For the contest, Moler and her staff secured funding from advertisers, and decided to offer a $5,000 prize to an applicant who was willing to let anyone in the world vote on a name for her baby.

The voters will be presented with a list of names chosen by Moler, her staff and the advertisers, Moler said. Product names will not be allowed, nor names that are “too crazy,” and everyone gets just one vote.

Unlike the more casual balloting conducted for groups of family and friends by the website, Hill won’t have the option of rejecting the name that is chosen.
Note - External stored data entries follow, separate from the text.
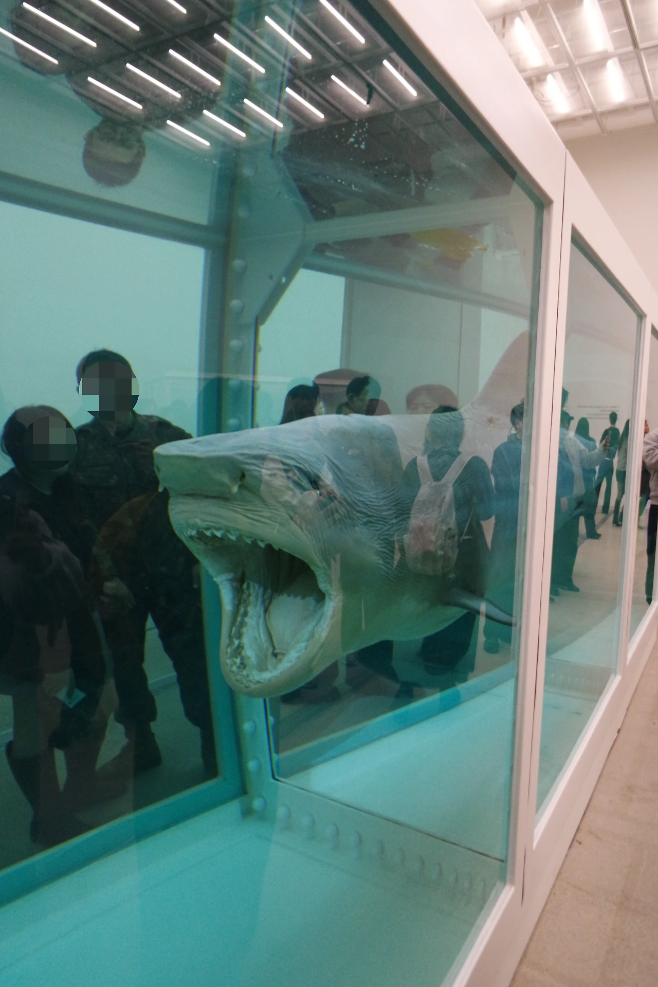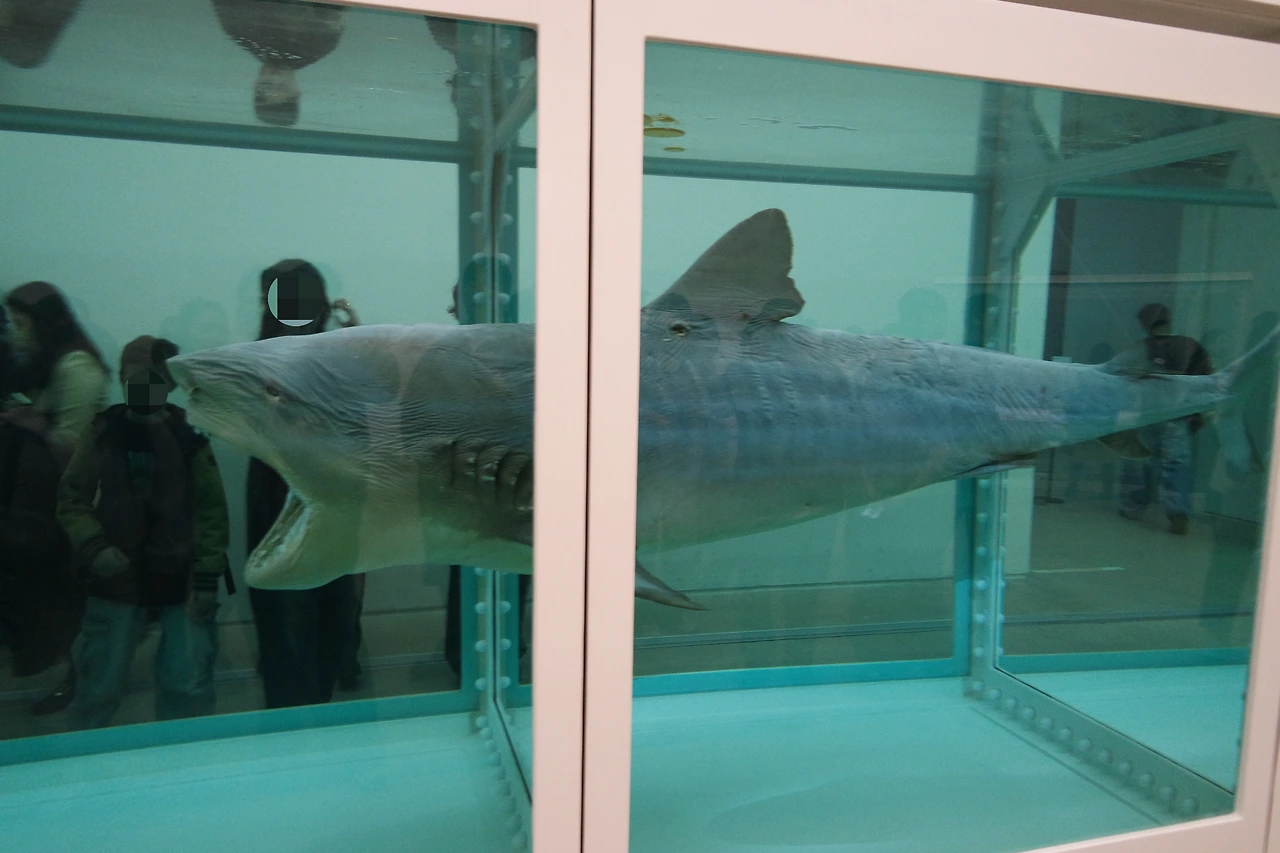 드디어 그 유명한 상어와 마주했다. 제목은 <살아있는 자의 마음속에 있는 죽음의 물리적 불가능성>이다. 거대한 포름알데히드 수조 속에 갇힌 죽은 상어는 삶과 죽음 그 사이 어디쯤에 있어 보인다. 기묘한 생동감을 뿜어낸다. 입을 쩍 벌리고 있어서 그런가 싶다. 죽음을 박제함으로써 역설적으로 삶의 유한함을 들춰내는 방식이다. (죽음은 멀리 있지 않다. 바로 옆 수조 속에 있을 뿐.)
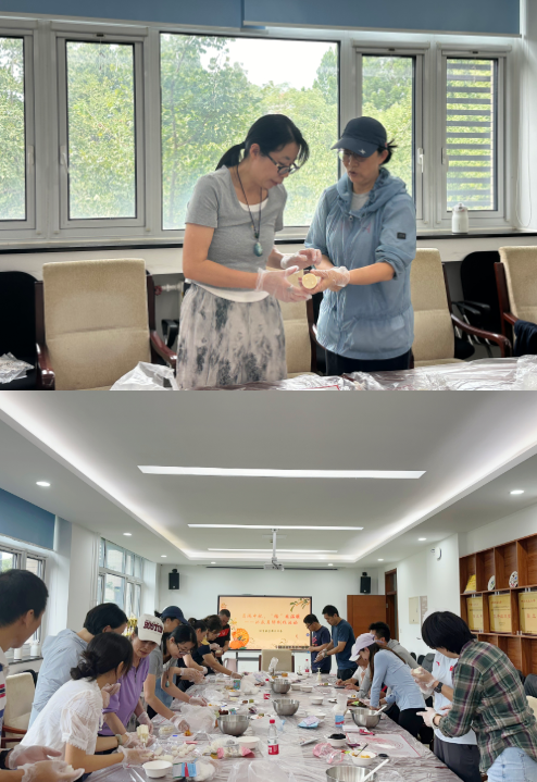 活动现场温馨且富有节日气息,各种制作月饼的材料一应俱全。教职工们暂时放下了繁忙的教学工作,积极参与到了DIY活动中。
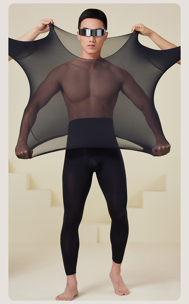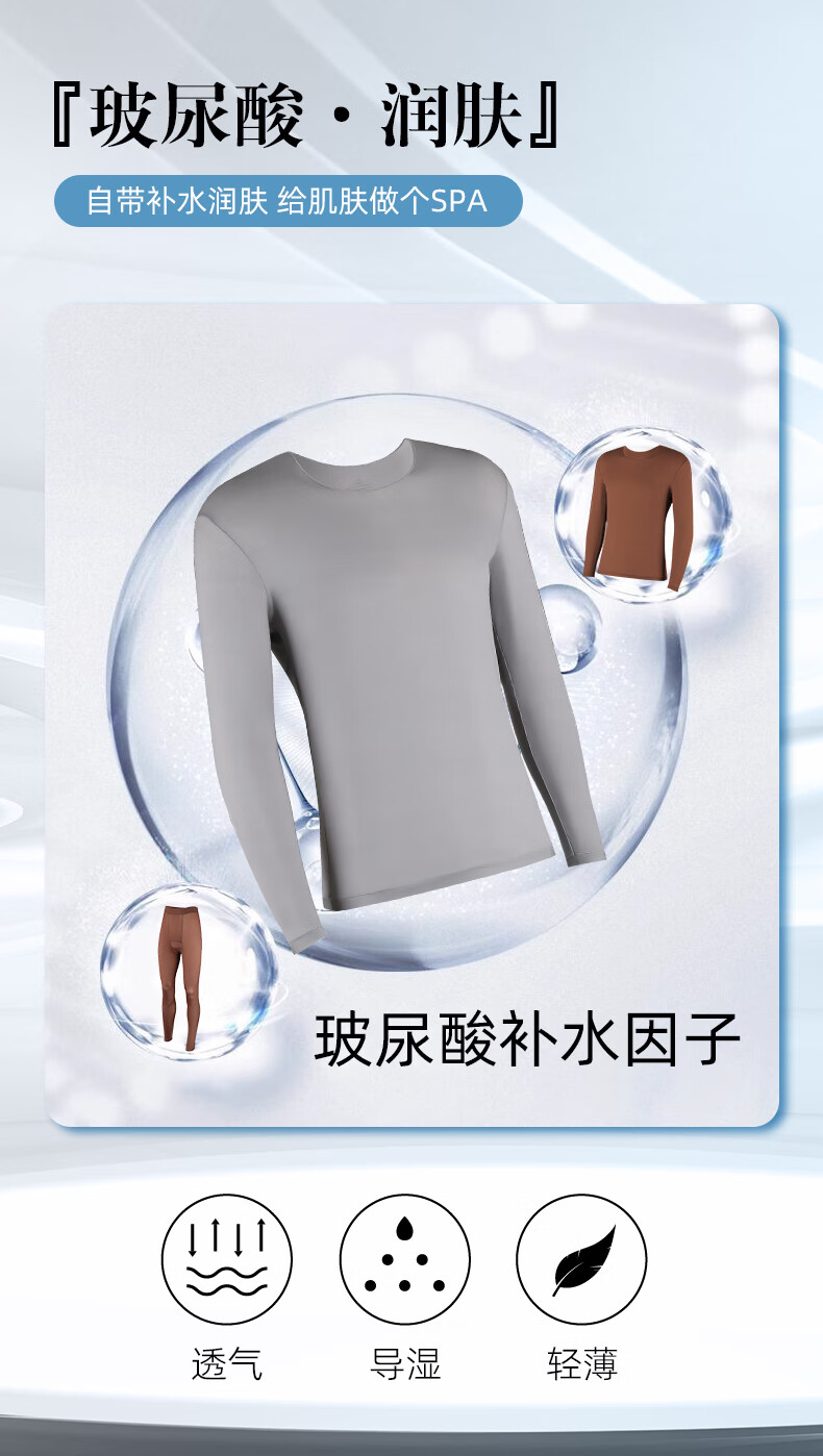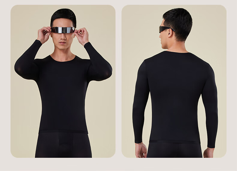 顶瓜瓜玻尿酸秋冬男士保暖内衣打底套装长袖透气薄款无痕裸感修身显瘦 经典黑(套装) XL
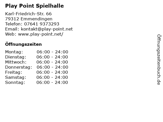 | Öffnungszeiten Play Point Spielhalle in Emmendingen anzeigen | |
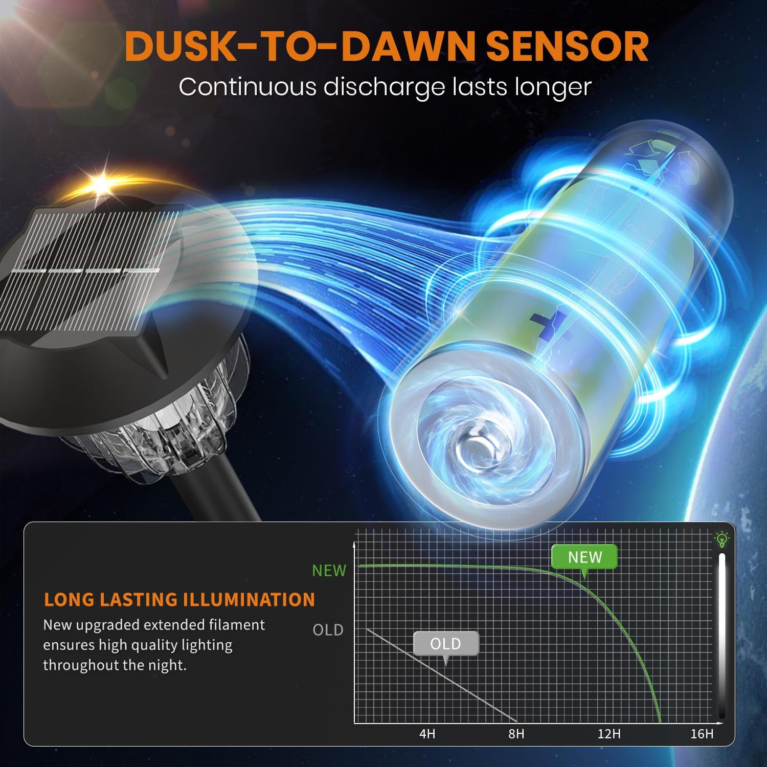 - FASTER CHARGING & Auto ON/OFF: The solar powered light has a solar panel that absorbs sun light during the day to convert sunlight into electricity to recharge the Ni-MH battery (included). Fully charging for 6-8 hours can continuously glow for 12-24 hours, which can automatically turn on at night and turn off at dawn.
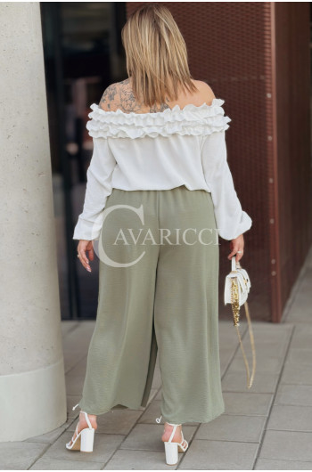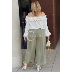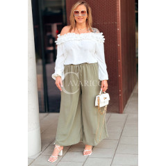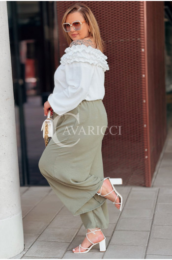 ZACCARIA - Spodnie z szeroką nogawką luźny fason w kolorze khaki
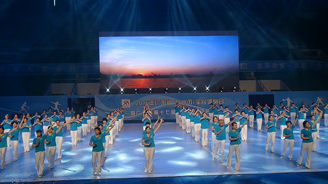 2016年8月8日广东省(广州市)全民健身日广东省第十七届体育节活动启动仪式在天河体育馆举行,此次活动主办单位是:广州市体育局、广州市公益老年体育发展中心联合举办。
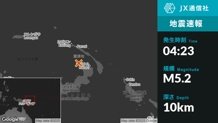 10月06日 04:23頃、パプアニューギニアのRabaulから西北西98kmの地点でM5.2の地震がありました。
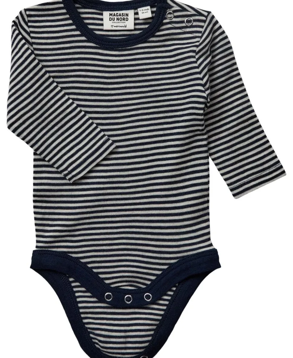 Body fra Magasin du Nord Collection i den blødeste kvalitet af 100% merinould med RWS- og OEKO-TEX® STANDARD 100-certificering. Bodyen har lange ærmer, en rund halsudskæring samt trykknapper i kilen og ved den ene skulder. En skøn body i en lækker kvalitet.
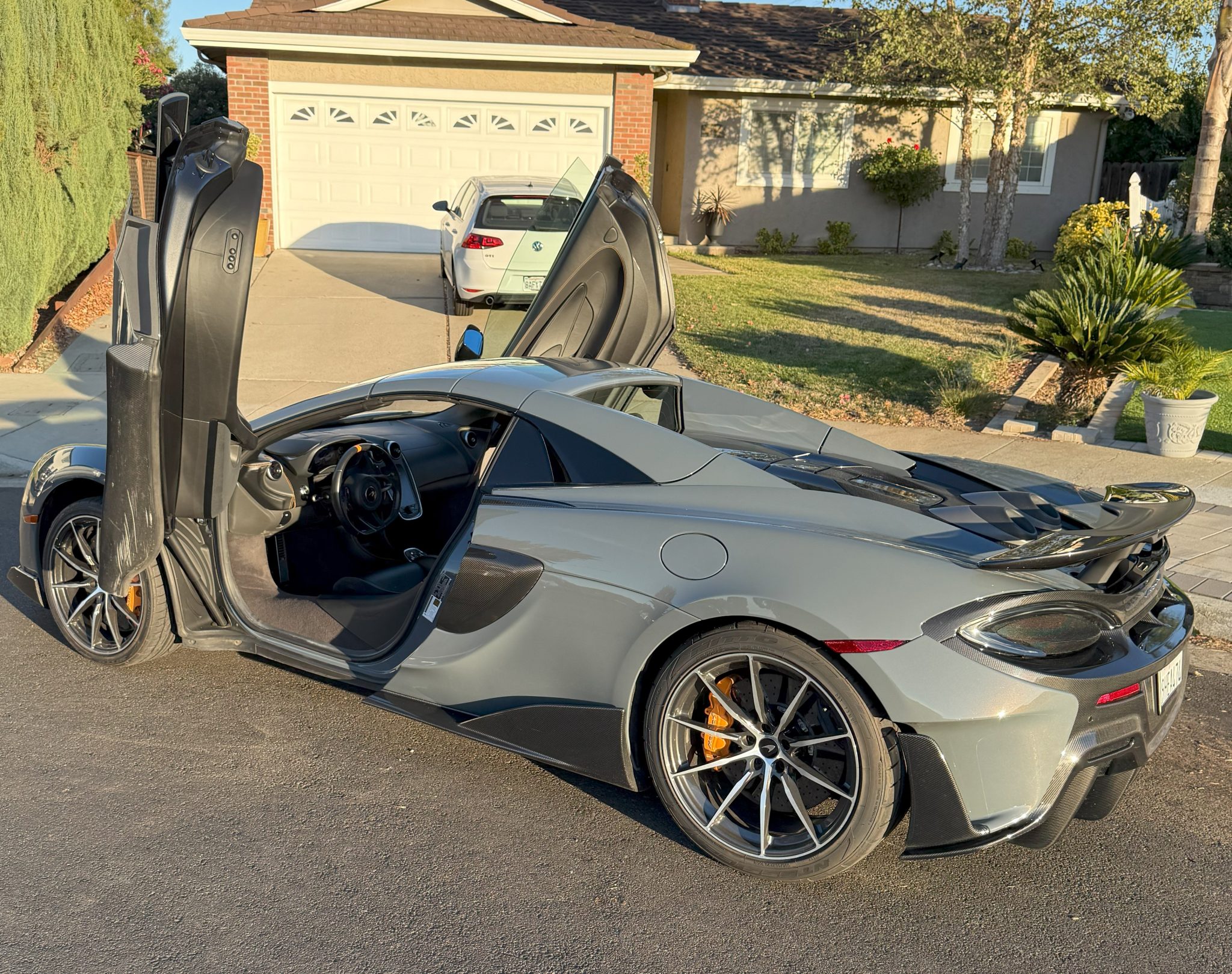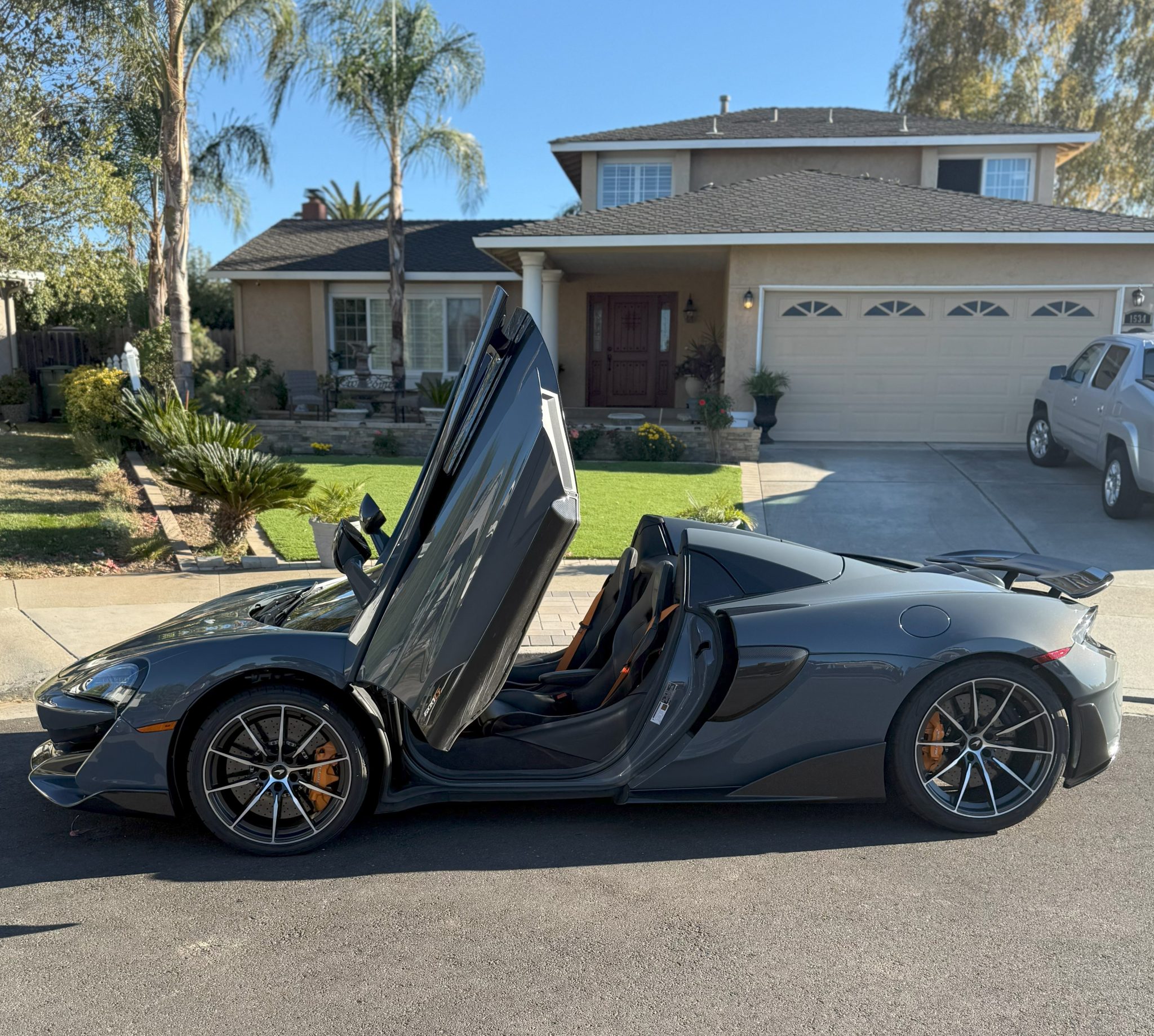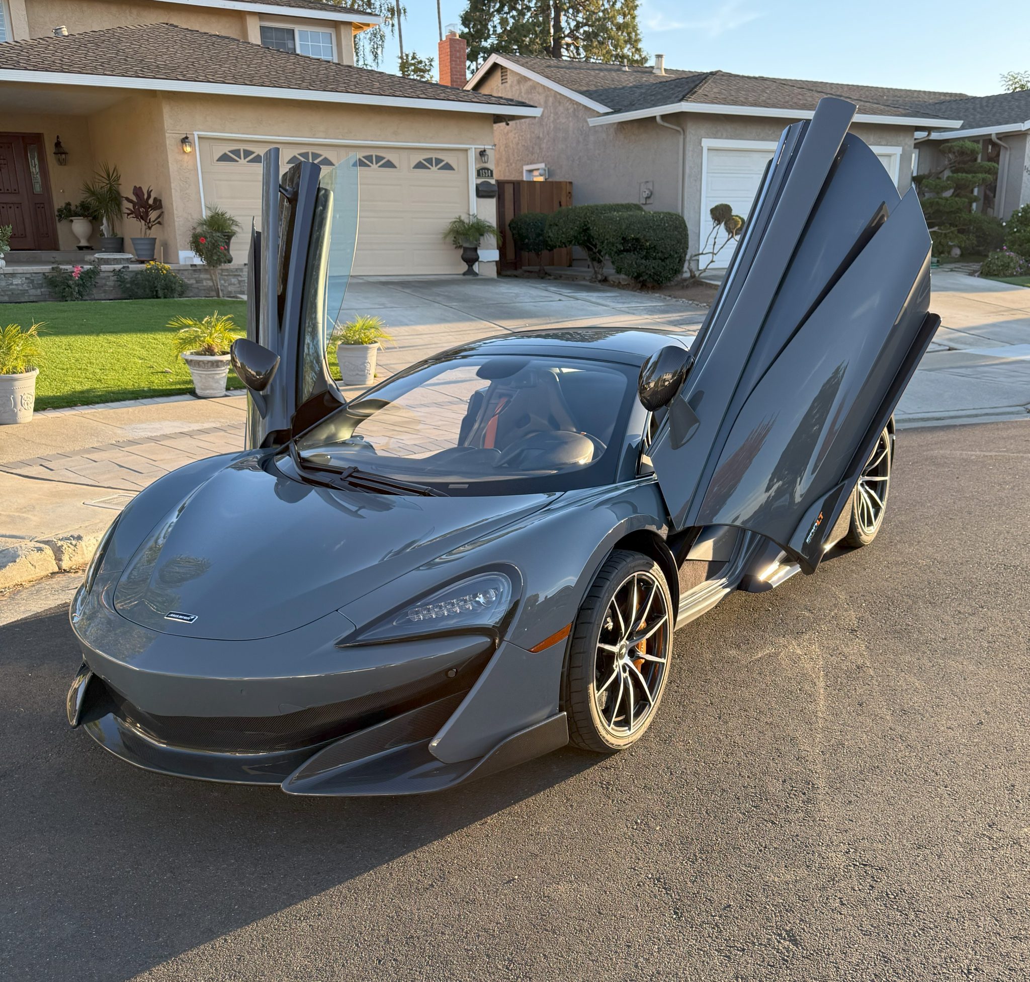 The 19″ and 20″ ten-spoke wheels are mounted with 235/35 front and 295/35 Nitto NT555 G2 tires. Braking is handled by orange-finished calipers fitted over cross-drilled carbon-ceramic rotors. The car features a double-wishbone independent suspension with McLaren Adaptive Damping as well as an optional front-axle lift system.

But she trusts Moler’s promise that the name won’t be too strange – and she says that given her own eclectic tastes, the baby may be better off anyway with a consensus name chosen by the public.

“I think whatever name is chosen my child is going to be grateful that it didn’t come from me,” Hill said.

Her boyfriend is a little less sanguine about it. He remembers a Facebook contest in which a man said he would name his child Batman if he got 500,000 likes on his page.

"He thinks people are going to use it as a chance to do something pranky,” she said.

To choose Hill as their winner, Moler and her staff sifted through essays written by each of the applicants. They were moved, she said, by Hill’s promise to use half of the money to pay down credit debt and the other half to start a college fund for the baby.

“We heard all kinds of stories,” Moler said. Moms promised to use the money for diapers, helping with newborn costs, financial support to take a leave of absence – even a down payment on a house.

“People told stories about their pregnancies,” said Moler, herself a mother of three. “People definitely did pull at our heartstrings.”

But, Moler, said, letting the whole world choose your baby’s name isn’t for everyone.

At her own baby shower, she said, guests voted on a slate of names for her daughter, and chose Stella.

Moler named the child Anna instead.

I have very strong opinions about my names,” Moler said.

Hill, nervous enough about the baby and now the name, has decided not to check the website to even see what appellations wind up on the final list.

“I’m afraid if I look at them I’ll get my favorite one,” said Hill, who had previously considered names including Katorah (no, she doesn't know what it means) and Winter. “And then I’ll be disappointed.”

If she doesn’t like the name, Hill said, there’s still one available exit strategy.

And it’s a classic.

“There’s always a nickname,” the mother-to-be said.